Required action: Apart from the pictures, every line below is to be set down exactly.
----- Extracted information
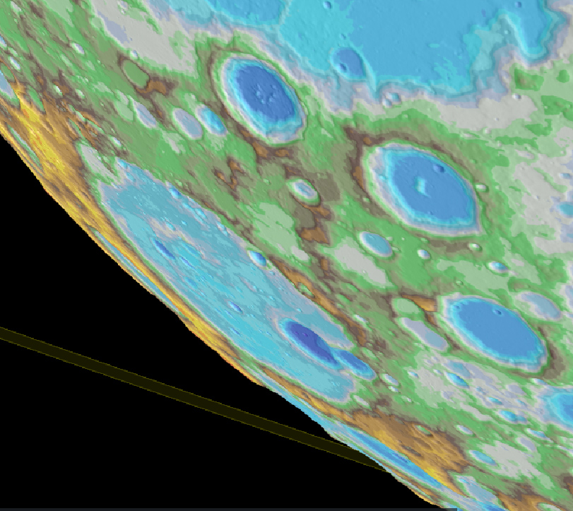 バイイに適用してみると、お堀のように窪んで見える部分と盛り上がっている部分の様子がよくわかります。やはり盛り上がっている部分は弧を描く山脈のようで、周辺より少し標高が高くなっています。
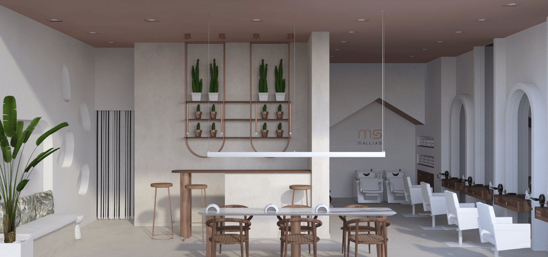 -Κυριαρχεί η τσιμεντοκονία και πινελιές του ξύλου και του χαλκού
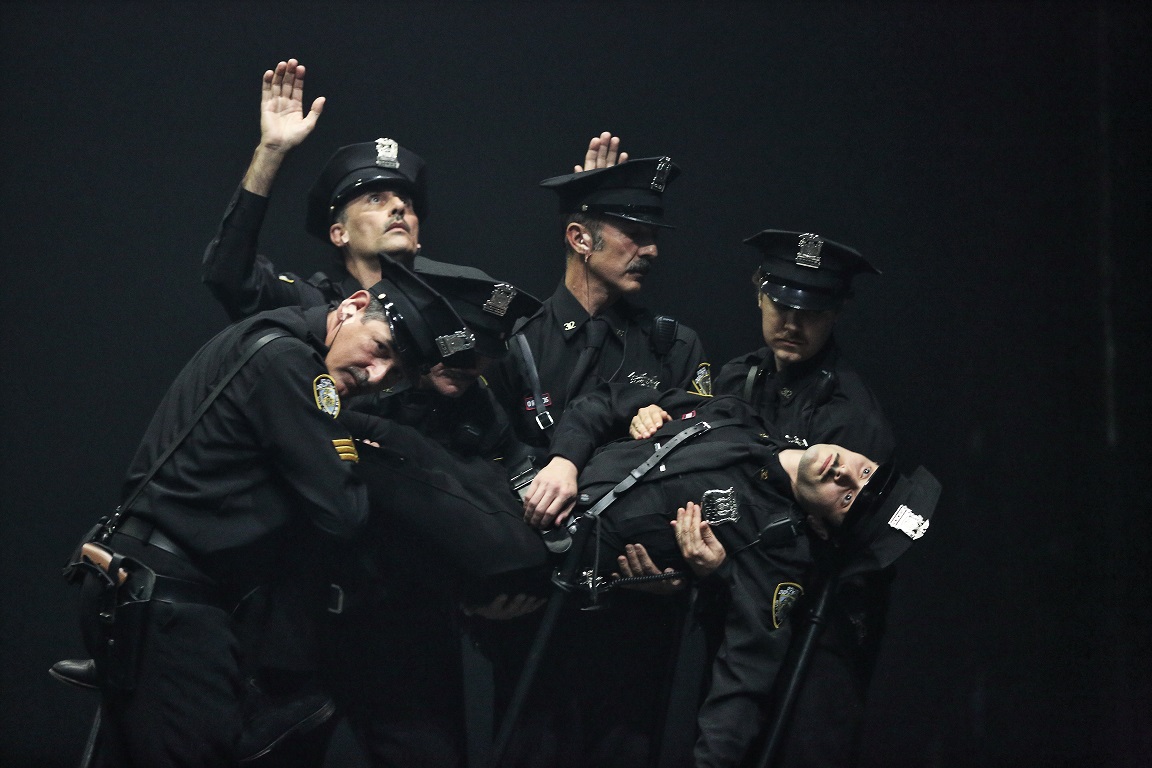 Vestiti da poliziotti e comandati da un auricolare agiscono senza sapere il perché. I protagonisti di ‘Bros’ di Romeo Castellucci, autore di fama internazionale, non sono attori professionisti. Gli stessi vengono reclutati per andare in scena ignari della loro parte. Il loro unico compito è quello di eseguire gli “ordini” che ricevono tramite un auricolare, senza pensare.
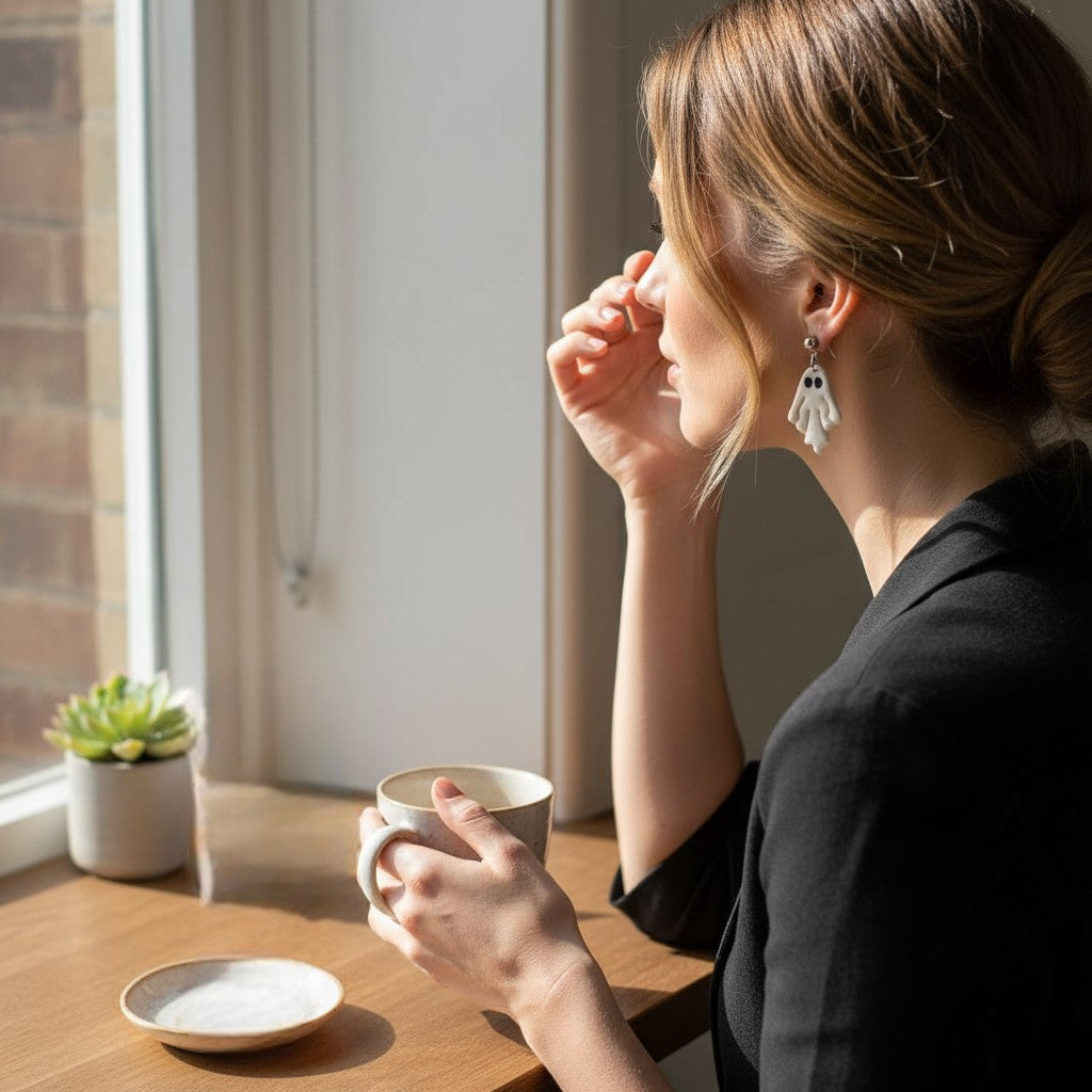 Each pair is carefully handcrafted from high-quality polymer clay and finished with hypoallergenic stainless steel hooks for all-day comfort. Lightweight and durable, they’re designed to move with you — adding just the right amount of eerie elegance to your look.
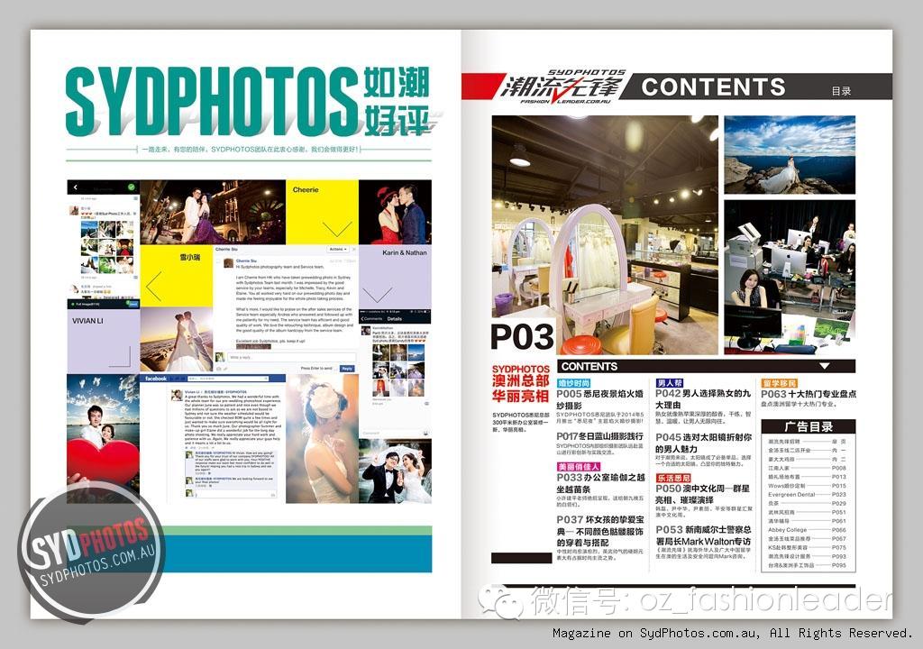 澳洲中文官:http://www.fashionleader.com.au/一本澳大利亚华人而精心设计的高品质时尚生活指南。招商电话:02-96981880email: [email protected]微博帐号:weibo.com/sydphotosmagazine
----------
Response area:
 バイイに適用してみると、お堀のように窪んで見える部分と盛り上がっている部分の様子がよくわかります。やはり盛り上がっている部分は弧を描く山脈のようで、周辺より少し標高が高くなっています。
 -Κυριαρχεί η τσιμεντοκονία και πινελιές του ξύλου και του χαλκού
 Vestiti da poliziotti e comandati da un auricolare agiscono senza sapere il perché. I protagonisti di ‘Bros’ di Romeo Castellucci, autore di fama internazionale, non sono attori professionisti. Gli stessi vengono reclutati per andare in scena ignari della loro parte. Il loro unico compito è quello di eseguire gli “ordini” che ricevono tramite un auricolare, senza pensare.
 Each pair is carefully handcrafted from high-quality polymer clay and finished with hypoallergenic stainless steel hooks for all-day comfort. Lightweight and durable, they’re designed to move with you — adding just the right amount of eerie elegance to your look.
 澳洲中文官:http://www.fashionleader.com.au/一本澳大利亚华人而精心设计的高品质时尚生活指南。招商电话:02-96981880email: [email protected]微博帐号:weibo.com/sydphotosmagazine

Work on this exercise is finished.